Administrative area in Rajshahi, Bangladesh

Ullapara (উল্লাপাড়া) is an upazila, or sub-district of Sirajganj District, located in Rajshahi Division, Bangladesh.

==History==
Around 4500 BC, the region of Varendra consisted of parts of Dinajpur, Joypurhat, Bogra, Rajshahi and western Pabna. Pabna and Mymensingh were formed by the deposition of alluvial river soil. At that time, there was no Jamuna River, and Sirajganj and Tangail were part of Mymensingh. According to the Chinese traveler Xuanzang, Sirajgonj was inhabited for seven centuries before the Jamuna began to separate the region from the rest of Mymensingh. At that time, the new region was underwater for eight or nine months of the year. According to Xuanzang, the west bank of the Karatoya River was in the kingdom of Pundravardhana; Ullapara was probably also in the kingdom at the time. The area was settled during the eras of Muslim administration (1204-1757) and the British Raj (1757-1947) before a business center was established. In 1875 a thana (police station) was built, and on 2 July 1983, Ullapara became an upazila.

==Geography==
Ullapara, with 123,864 households and an area of 409.06 km2, was built on alluvial soil deposited by the Padma, Jamuna and other rivers.

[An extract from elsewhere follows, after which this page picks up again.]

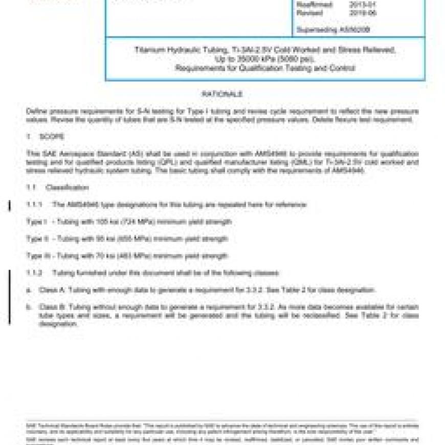 This SAE Aerospace Standard (AS) shall be used in conjunction with AMS4946 to provide requirements for qualification testing and for qualified products listing (QPL) and qualified manufacturer listing (QML) for Ti-3Al-2.5V cold worked and stress relieved hydraulic system tubing. The basic tubing shall comply with the requirements of AMS4946.

The upazilas of Raiganj and Tarash are to the north of Ullapara, Tarash and Bhangura to the west, Faridpur and Shahjadpur to the south and Belkuchi and Kamarkhanda to the east. Ullapara is an estimated 10–12 ft above sea level, and is drained by the Karatoya, Fulzor, Jopjopia and Kamla Dargadoh rivers. The average annual high temperature is 35 °C and the average low is 21 °C. Annual average rainfall is 170–190 cm.

==Demographics==

According to the 2022 Bangladeshi census, Ullapara Upazila had 148,432 households and a population of 589,041. 9.43% of the population were under 5 years of age. Ullapara had a literacy rate (age 7 and over) of 70.01%: 72.81% for males and 67.31% for females, and a sex ratio of 97.38 males for every 100 females. 76,616 (13.01%) lived in urban areas.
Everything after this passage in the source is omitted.